En 2017, il explique au grand patron de Cambridge Analytica, Alexander Nix, que ses services sont si efficaces que, pour gérer une situation de crise, un de ses clients a été "très heureux" de payer un million d'euros. Alexander Nix rejettera ses propositions. "Nous avons déjà notre propre société de production de médias", lui répond-il poliment, et "aucun de nos clients n'acceptera de payer entre 400 000 et 600 000 dollars par mois pour une gestion de crise".

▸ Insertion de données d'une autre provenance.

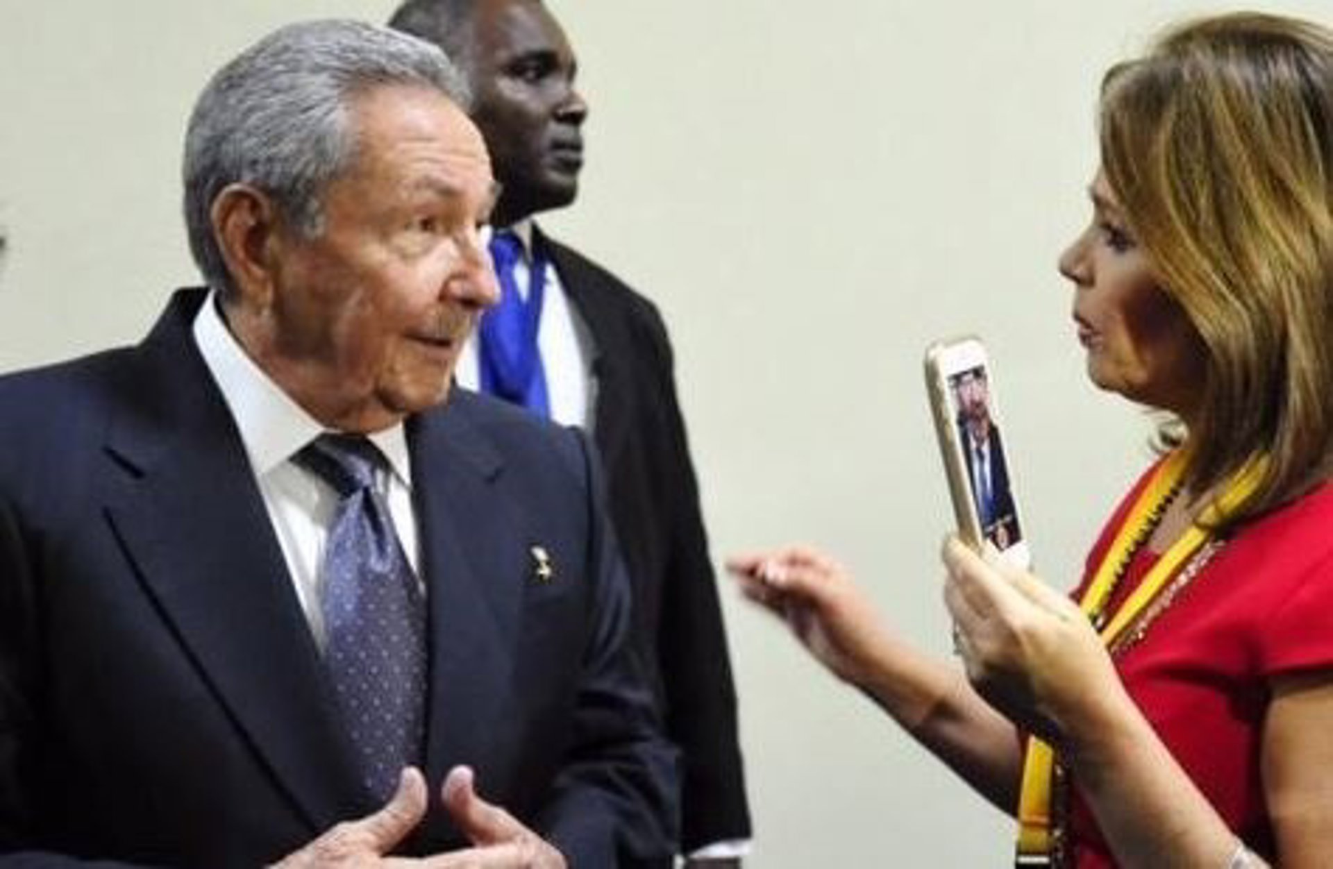 La periodista estaba conversando con miembros de la delegación cubana, cuando de pronto se percató de que Raúl Castro se encontraba a su lado. Entonces le preguntó por sus sensaciones durante su discurso de 48 minutos ante la sesión plenaria de la Cumbre de las Américas de ese mismo sábado.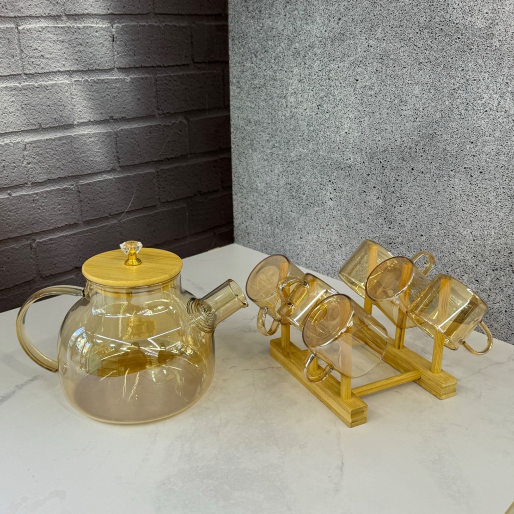 ست قوری و استکان پیرکس آنتی شک درب الماسی شامپاینی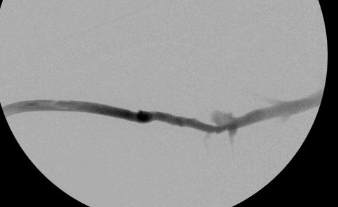 Venous limb stenosis after dilation ← Previous Right arm venogram post intervention: complete elimination of the stenosis.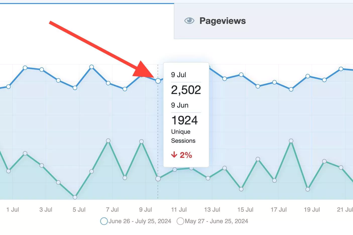 When viewing graphs, hover over a data point to view numbers of the current and previous date.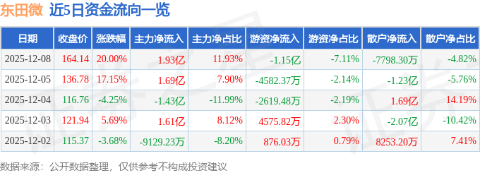 证券之星消息,截至2025年12月8日收盘,东田微(301183)报收于164.14元,上涨20.0%,涨停,换手率18.01%,成交量10.56万手,成交额16.19亿元。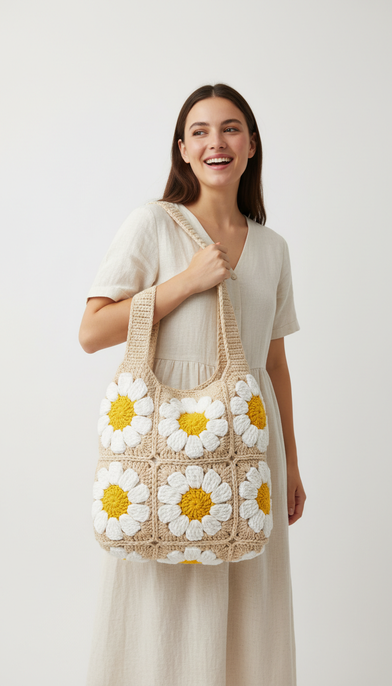 This tote bag isn’t just an accessory; it’s a statement of joy and handmade artistry. Each daisy square is a testament to your creativity, resulting in a unique piece that brightens any ensemble. Imagine carrying your essentials in a bag that radiates sunshine, making every outing a little more special. It’s a fantastic project for intermediate crocheters looking to expand their skills and create something truly beautiful and functional.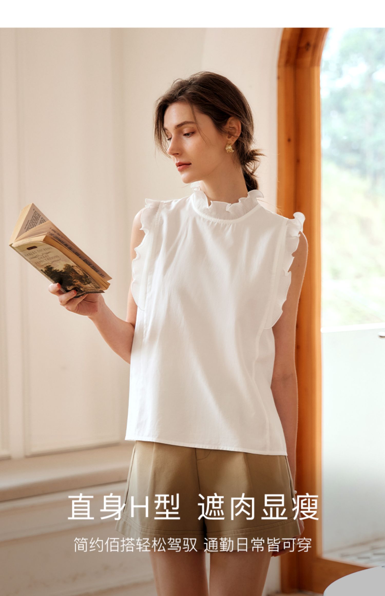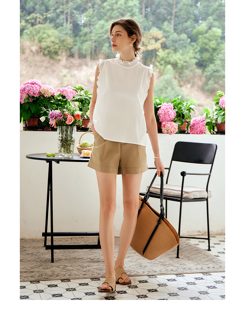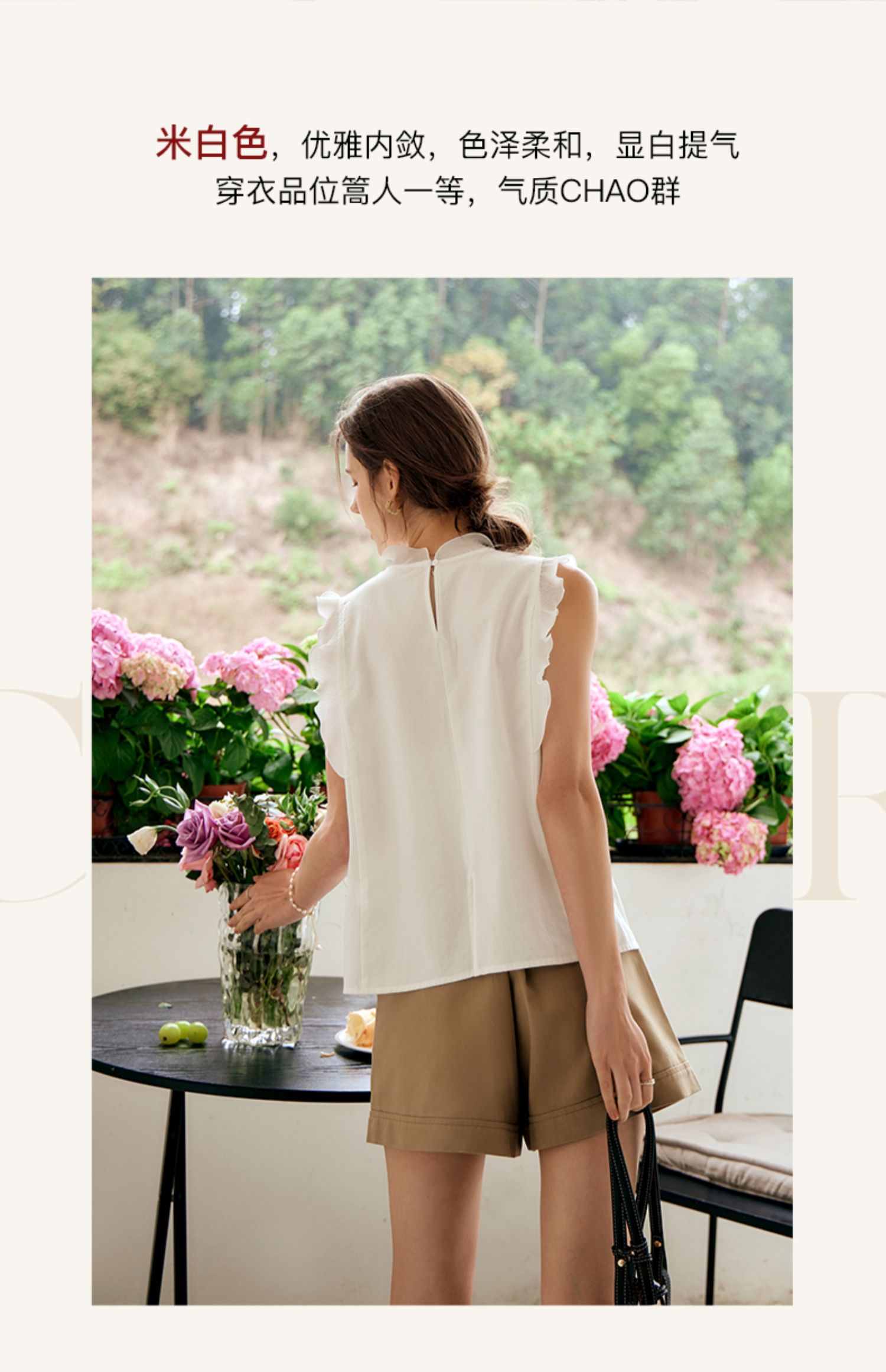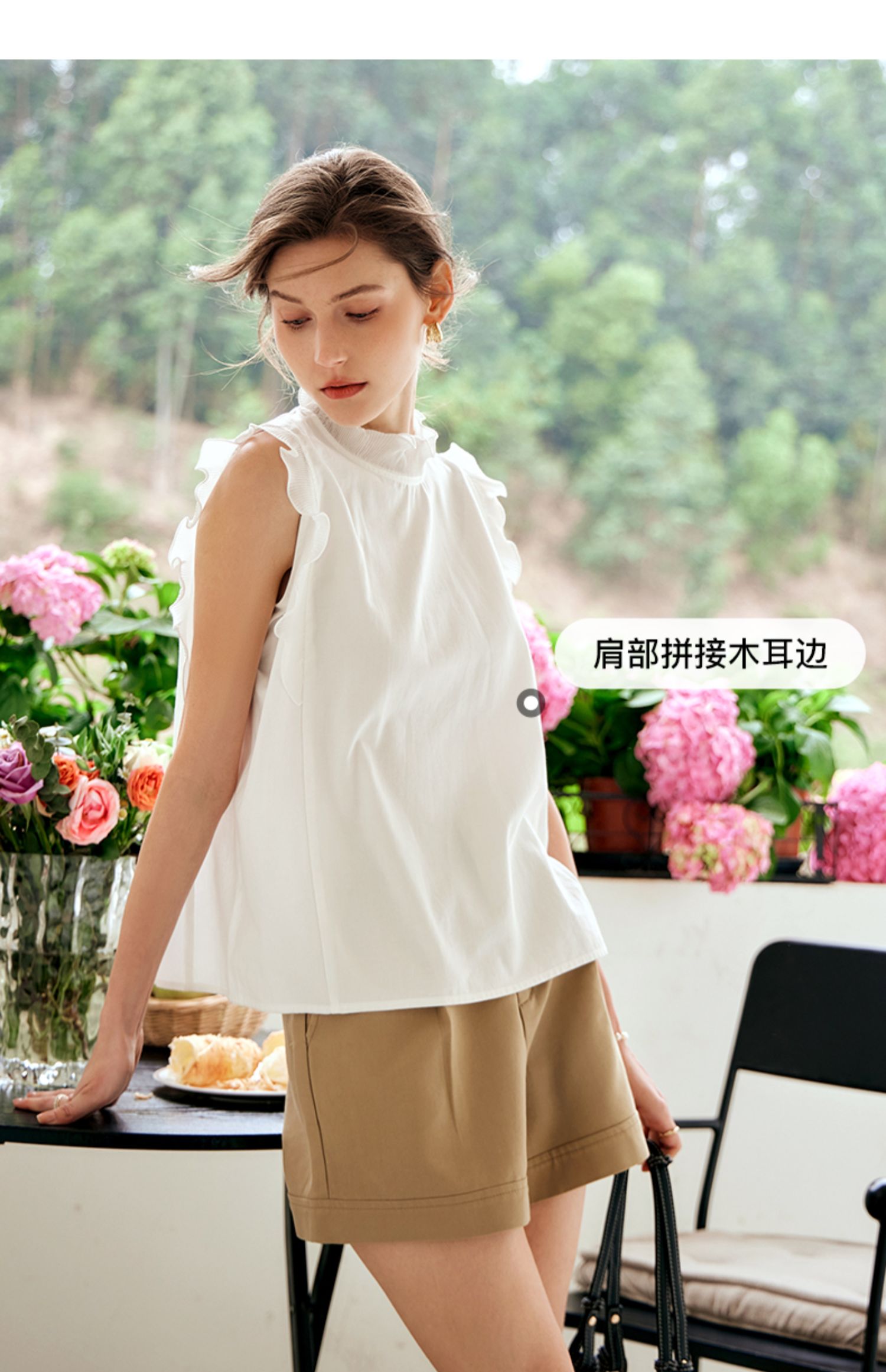 OLrain欧芮儿米白色雪纺衫女早春2024年新款气质立领木耳边上衣

Sollicité par Forbidden Stories, Tal Hanan n'a pas répondu à nos questions. Difficile de déroger à la culture du secret lorsque l'on travaille dans l'ombre. Ce secret est pourtant éventé. Selon Anat Ben David, professeure associée de communication à l'Université ouverte d'Israël, non seulement les révélations du projet "Story Killers" lèvent le voile sur les coulisses de la désinformation et ses nouveaux acteurs, mais elles mettent aussi en lumière les failles des réseaux sociaux : "Nous sentions bien, tous, que quelque chose n'allait pas. Nous analysions les profils sans rien pouvoir faire de plus. Mais avec cette investigation on voit enfin en temps réels comment les choses se passent." Et comment ces réseaux, faute de régulation, mais aussi parce qu'ils sont instrumentalisés par des officines malveillantes, permettent de manipuler l'opinion.